Starting from the line in which "وصف المنتج : عبايه" appears, set down each line exactly through the end of the listing, and nothing else. Leave out pictures.

--- Given material Enclosed Below ---

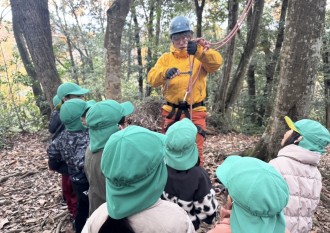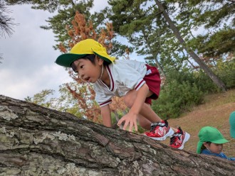 11月28日にツリーイングの体験をしました。 高い木に登って遊ぶという習慣がないので子どもたちは不安とワクワクした気持ちで挑む姿が見られました。やり方も教えてもらって実際に上に登ると見晴らしのよさを実感し、ツリーイングの面白さを経験することができました。
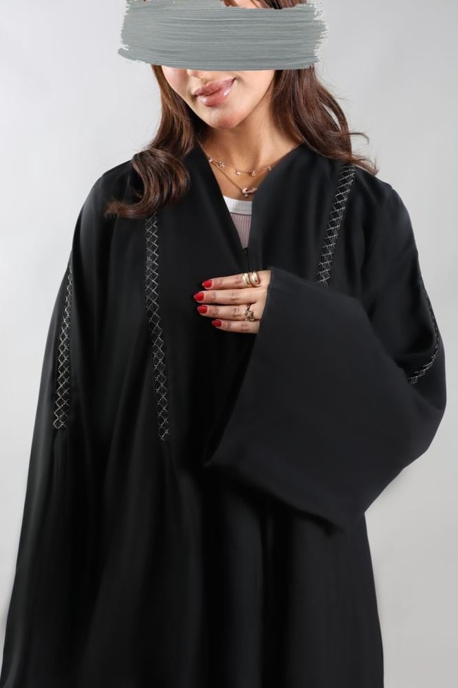 وصف المنتج : عبايه بقصه نص كلوش بقماش ناعم مع تطريز اسود راقي على الصدر والكتف
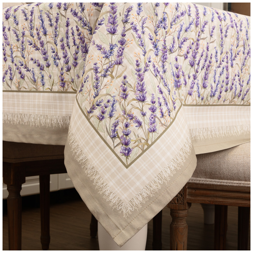 Скатерть от LEFARD, коллекция Душа Прованса — элегантный текстиль с лавандовым узором, вдохновлённый атмосферой южной Франции. Дизайн в стиле прованс придаёт интерьеру тепло, лёгкость и эстетичный уют. Прекрасно впишется в интерьер кухни, столовой или загородной веранды.

--- End of Enclosed Given material ---

_Expected answer:_
 وصف المنتج : عبايه بقصه نص كلوش بقماش ناعم مع تطريز اسود راقي على الصدر والكتف
 Скатерть от LEFARD, коллекция Душа Прованса — элегантный текстиль с лавандовым узором, вдохновлённый атмосферой южной Франции. Дизайн в стиле прованс придаёт интерьеру тепло, лёгкость и эстетичный уют. Прекрасно впишется в интерьер кухни, столовой или загородной веранды.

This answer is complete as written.